▸ THE PROBLEM: All entries need to be written out verbatim, with pictures omitted.

▸ DATA FOR THE TASK:
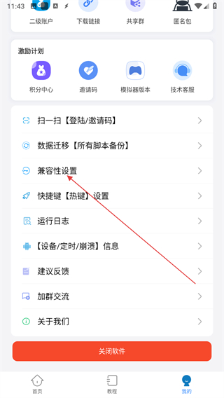 2、在個人頁面找到兼容性設置選項,點擊進入兼容性設置頁面。
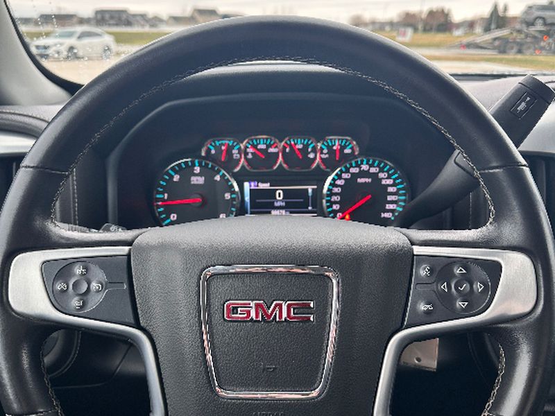 Bluetooth technology is built into this vehicle, keeping your hands on the steering wheel and your focus on the road. An off-road package is equipped on this model. Never get into a cold vehicle again with the remote start feature on this vehicle. It offers Automatic Climate Control for personalized comfort. Protect this unit from unwanted accidents with a cutting edge backup camera system. This 1/2 ton pickup features steering wheel audio controls. The GMC Sierra has a V8, 5.3L high output engine. This GMC Sierra has four wheel drive capabilities. Maintaining a stable interior temperature in it is easy with the climate control system. With the keyless entry system on this unit you can pop the trunk without dropping your bags from the store. Keep safely connected while in this unit with OnStar. You may enjoy services like Automatic Crash Response, Navigation, Roadside Assistance and Hands-Free Calling. The GMC Sierra is painted with a sleek and sophisticated black color.
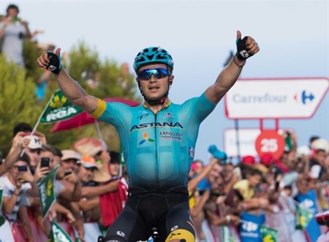 "Je suis très heureux. J'ai gagné une belle étape, dans un Grand Tour. C'est une grande victoire pour ma carrière", a dit le Kazakh à l'arrivée. "J'étais mal tombé sur le Tour de France mais j'ai eu le temps de récupérer. Ma condition est bonne et je me prépare pour les Mondiaux" (17-24 septembre en Norvège), a-t-il ajouté.
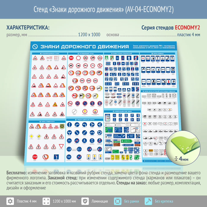 Стенд «Знаки дорожного движения» (AV-04-ECONOMY2) в Краснодаре купить
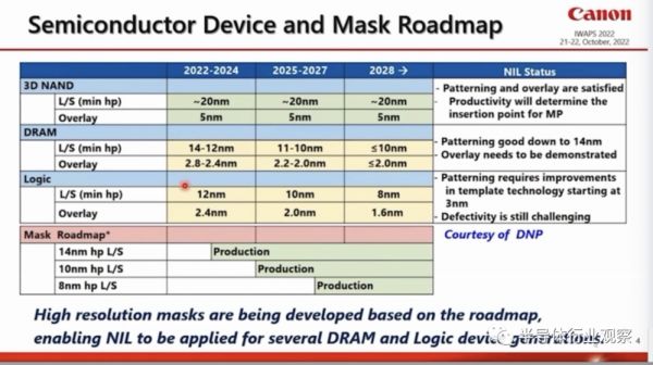 也大概是自此之后,一直有佳能将纳米压印技术用于量产存储芯片的新闻。
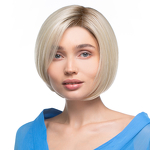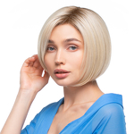 Modelka w niebieskim stroju prezentuje perukę w kolorze 24/60/8R.
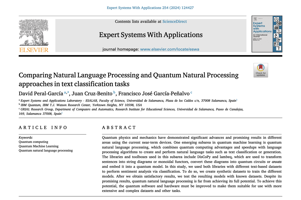 Excited to share our peer-reviewed publication “Comparing Natural Language Processing and Quantum Natural Processing approaches in text classification tasks”! 🚀
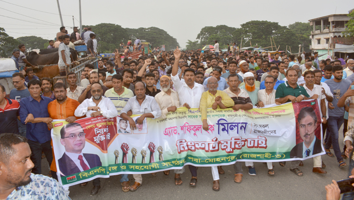 বিএনপি নেতা মিলনের মুক্তির দাবীতে পবায় বিক্ষোভ মিছিল
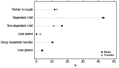 Birthplace of parents Of young people in the Australian Capital Territory who were born in Australia, 35% (21,074) had at least one parent who had been born overseas. Almost 20% (11,898) had at least one parent born in a non-main English-speaking country. Languages spoken at home Just over 12% of young people spoke a language other than English at home. Of these, 13% spoke a Chinese language, and another 9% spoke Croatian. Among people aged 26 years and over, the most common languages spoken at home other than English were Italian (11%) and Chinese languages (10%). Proficiency in English The majority (86%) of young people in the Australian Capital Territory reported speaking English only. Of those young people who spoke another language, 93% reported that they spoke English very well or well. CHAPTER 4 LIVING ARRANGEMENTS Main findings Marital status Almost 13% of 15-25 year-olds in the Australian Capital Territory were married, 6% in a registered marriage, and 7% in a de facto marriage. Young females were more likely than young males to be in a partnership (16% compared with 10%). Living arrangements Just over 43% of 12-25 year-olds were living with their parents as dependent children. This proportion was higher than the national figure of 42% and was exceeded only by Victoria (45%). The Australian Capital Territory also had the lowest proportion (14%) of young people living with their parents as non-dependent children; this compares with the national figure of 20%. The majority of these were aged 20-24 years. Young women were more likely than young men to have moved from the family home, forming partnerships and their own families (16% compared with 8% of young males).
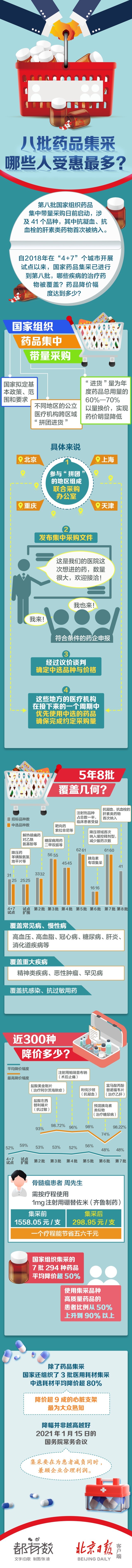 自2018年在“4+7”個(gè)城市開展試點(diǎn)以來,國家藥品集采已進(jìn)行到第八批,哪些疾病的治療藥物被覆蓋?藥品降價(jià)幅度達(dá)到多少?
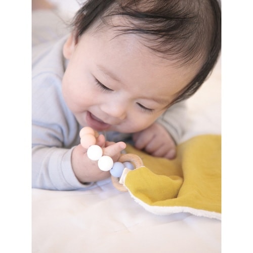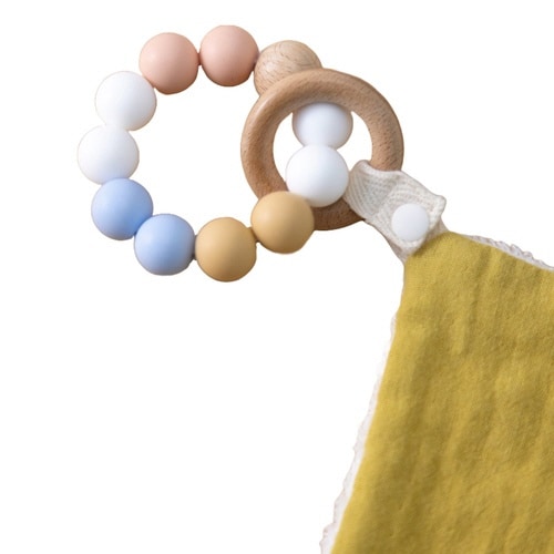 歯固めにもなるシリコンと天然木のベビーリングとおもちゃハンカチのセットです。 シリコンと天然木の異なる質感で、離乳食準備の噛む練習やムズムズストレスを発散できます。 |

▸ RESPONSE:
 2、在個人頁面找到兼容性設置選項,點擊進入兼容性設置頁面。
 Bluetooth technology is built into this vehicle, keeping your hands on the steering wheel and your focus on the road. An off-road package is equipped on this model. Never get into a cold vehicle again with the remote start feature on this vehicle. It offers Automatic Climate Control for personalized comfort. Protect this unit from unwanted accidents with a cutting edge backup camera system. This 1/2 ton pickup features steering wheel audio controls. The GMC Sierra has a V8, 5.3L high output engine. This GMC Sierra has four wheel drive capabilities. Maintaining a stable interior temperature in it is easy with the climate control system. With the keyless entry system on this unit you can pop the trunk without dropping your bags from the store. Keep safely connected while in this unit with OnStar. You may enjoy services like Automatic Crash Response, Navigation, Roadside Assistance and Hands-Free Calling. The GMC Sierra is painted with a sleek and sophisticated black color.
 "Je suis très heureux. J'ai gagné une belle étape, dans un Grand Tour. C'est une grande victoire pour ma carrière", a dit le Kazakh à l'arrivée. "J'étais mal tombé sur le Tour de France mais j'ai eu le temps de récupérer. Ma condition est bonne et je me prépare pour les Mondiaux" (17-24 septembre en Norvège), a-t-il ajouté.
 Стенд «Знаки дорожного движения» (AV-04-ECONOMY2) в Краснодаре купить
 也大概是自此之后,一直有佳能将纳米压印技术用于量产存储芯片的新闻。
 Modelka w niebieskim stroju prezentuje perukę w kolorze 24/60/8R.
 Excited to share our peer-reviewed publication “Comparing Natural Language Processing and Quantum Natural Processing approaches in text classification tasks”! 🚀
 বিএনপি নেতা মিলনের মুক্তির দাবীতে পবায় বিক্ষোভ মিছিল
 Birthplace of parents Of young people in the Australian Capital Territory who were born in Australia, 35% (21,074) had at least one parent who had been born overseas. Almost 20% (11,898) had at least one parent born in a non-main English-speaking country. Languages spoken at home Just over 12% of young people spoke a language other than English at home. Of these, 13% spoke a Chinese language, and another 9% spoke Croatian. Among people aged 26 years and over, the most common languages spoken at home other than English were Italian (11%) and Chinese languages (10%). Proficiency in English The majority (86%) of young people in the Australian Capital Territory reported speaking English only. Of those young people who spoke another language, 93% reported that they spoke English very well or well. CHAPTER 4 LIVING ARRANGEMENTS Main findings Marital status Almost 13% of 15-25 year-olds in the Australian Capital Territory were married, 6% in a registered marriage, and 7% in a de facto marriage. Young females were more likely than young males to be in a partnership (16% compared with 10%). Living arrangements Just over 43% of 12-25 year-olds were living with their parents as dependent children. This proportion was higher than the national figure of 42% and was exceeded only by Victoria (45%). The Australian Capital Territory also had the lowest proportion (14%) of young people living with their parents as non-dependent children; this compares with the national figure of 20%. The majority of these were aged 20-24 years. Young women were more likely than young men to have moved from the family home, forming partnerships and their own families (16% compared with 8% of young males).
 自2018年在“4+7”個(gè)城市開展試點(diǎn)以來,國家藥品集采已進(jìn)行到第八批,哪些疾病的治療藥物被覆蓋?藥品降價(jià)幅度達(dá)到多少?
 歯固めにもなるシリコンと天然木のベビーリングとおもちゃハンカチのセットです。 シリコンと天然木の異なる質感で、離乳食準備の噛む練習やムズムズストレスを発散できます。 |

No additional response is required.